Illumina / strelka

Strelka2 germline and somatic small variant caller
GNU General Public License v3.0
355 stars 102 forks source link

Variant Allele Frequency with Strelka v2.9.10 #198

Open YanaVassileva opened 3 years ago

YanaVassileva commented 3 years ago

Hey,

I know that there are a lot of questions, related to the topic, but I could not find an answer, which clarifies my confusion completely. I want to determine the tumor heterogeneity of a sample.
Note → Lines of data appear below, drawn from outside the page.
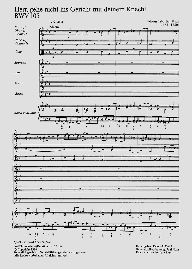 - Besetzung Soli, Gemischter Chor (SATB), 2 Oboen, Horn, Streicher und Orgel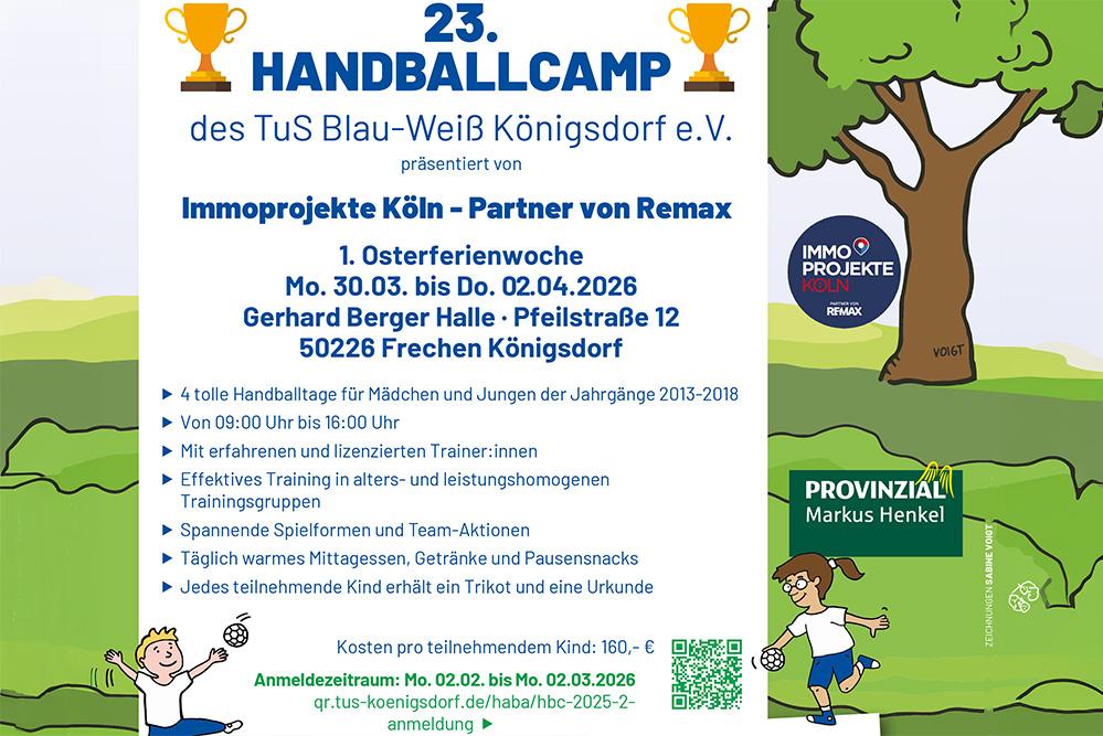 In den Osterferien ist es wieder soweit: Der TuS Blau-Weiß Königsdorf lädt alle handballbegeisterten Mädchen und Jungen der Jahrgänge 2013 bis 2018 zum 23. Handballcamp ein – präsentiert von PROVINZIAL Markus Henkel.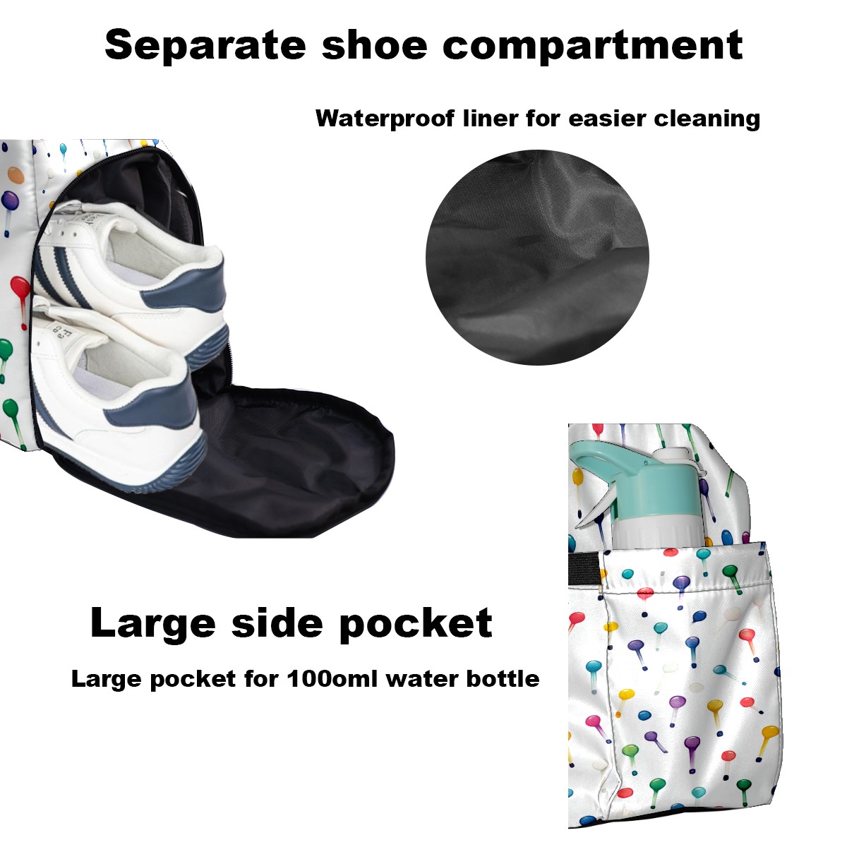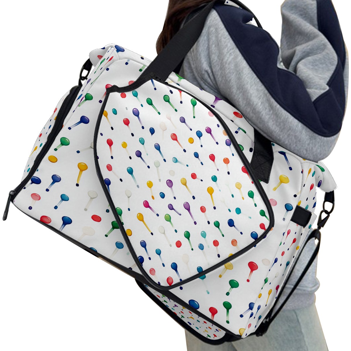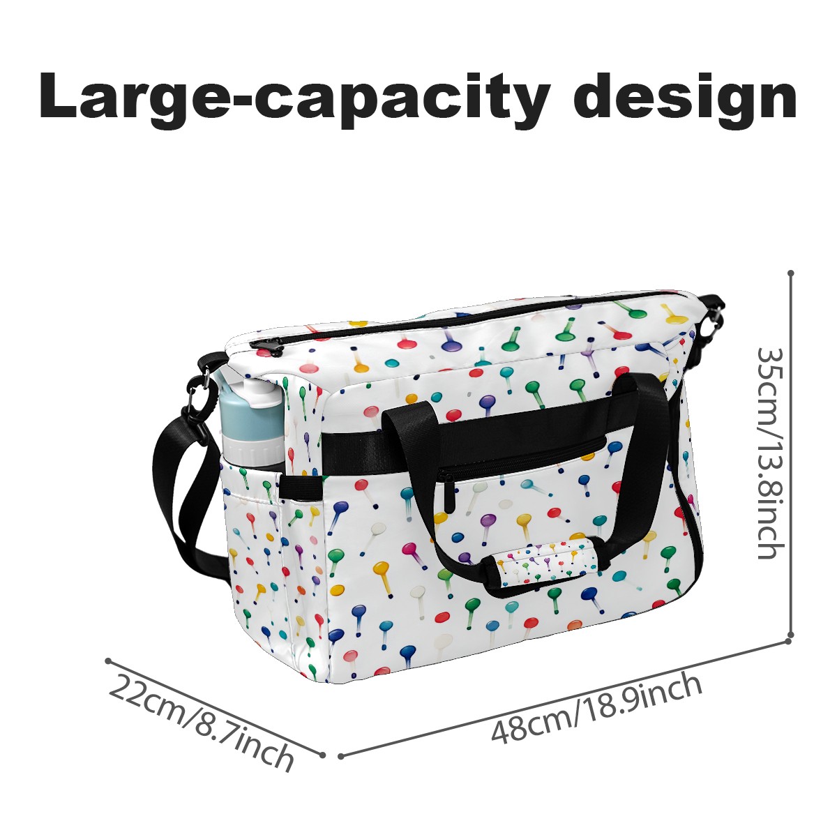 Lightweight Pickleball Tote Bag with Large Capacity, Shoe Compartment, Large Paddle Storage, Water Bottle Holder & Fence Hook for Women & Men Colorful Golf Tee Pattern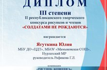 Ягуткина Юлия участвовала в II Республиканском конкурс рисунков "Солдатами не рождаются" посвященного 75- летию Победы в Великой Отечественной войне и заняла III место. Поздравляем!!!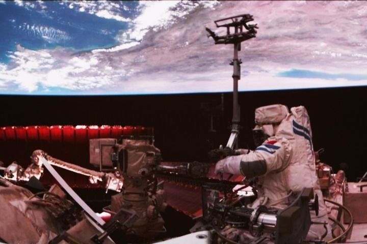 2024年7月3日在北京航天飞行控制中心拍摄的神舟十八号航天员李聪在空间站组合体舱外作业的画面。新华社记者 郭中正 摄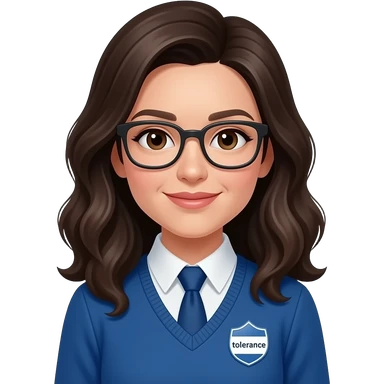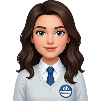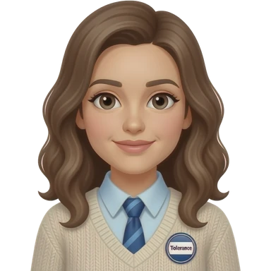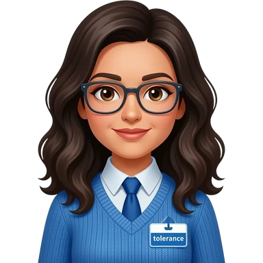 make someone who u think is abeer, blue tie, has a badge that says tolerance, wavy hair blackish brown and make her wear a blue pull over, brown eyes, and glasses emoji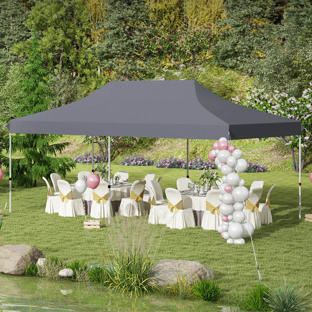 Turn any outdoor event into a grand occasion with the Costway Grey Pop-up Canopy Tent with Carrying Bag 300 x 600cm. This pop-up canopy tent is supported by a rustproof powder-coated metal frame, ensuring good sturdiness and long-lasting durability. Moreover, with its wind rope and stake fixation and metal foot pad and stake fixation, the canopy offers excellent stability, even in windy conditions. The canopy is crafted of durable and water-repellent Oxford fabric, ensuring reliable protection against rain. Furthermore, the canopy fabric with silver coating can block up to 99% of harmful sunlight, providing superior UPF50+ sun protection. Besides, it features a 3-level adjustable height (296/306/316 cm), allowing you to customise the canopy to your desired height and create the perfect outdoor space for any occasion. The large outdoor canopy tent can comfortably accommodate 15-20 people, making it perfect for various outdoor activities. The canopy tent can be effortlessly folded into a small size. Plus, it is designed with a portable carrying bag, making storage and transportation a breeze. Given the hassle-free pop-up design, this outdoor instant shelter is easy and quick to set up and take down, requiring no tools. Whether you're hosting a backyard party, holding a wedding ceremony, setting up a booth at a trade show, or organising a community event, this canopy has got you covered. Please ensure to use stakes and wind ropes to secure the canopy and avoid using the tent in adverse weather conditions, especially during high winds.

The output vcf file was generated by Strelka v2.9.10 and a subset looks like following:

#CHROM POS ID REF ALT QUAL FILTER INFO FORMAT NORMAL TUMOR chr1 931087 . C T . LowEVS SOMATIC;QSS=2;TQSS=2;NT=ref;QSS_NT=2;TQSS_NT=2;SGT=CC->CC;DP=82;MQ=60.00;MQ0=0;ReadPosRankSum=-0.36;SNVSB=0.00;SomaticEVS=0.63 DP:FDP:SDP:SUBDP:AU:CU:GU:TU 59:0:0:0:0,0:58,58:1,1:0,0 23:2:0:0:0,0:19,21:0,0:2,2

There is a recommendation for how to calculate the somatic allele frequency:

refCounts = Value of FORMAT column $REF + “U” (e.g. if REF="A" then use the value in FOMRAT/AU) altCounts = Value of FORMAT column $ALT + “U” (e.g. if ALT="T" then use the value in FOMRAT/TU) tier1RefCounts = First comma-delimited value from $refCounts tier1AltCounts = First comma-delimited value from $altCounts Somatic allele freqeuncy is $tier1AltCounts / ($tier1AltCounts + $tier1RefCounts)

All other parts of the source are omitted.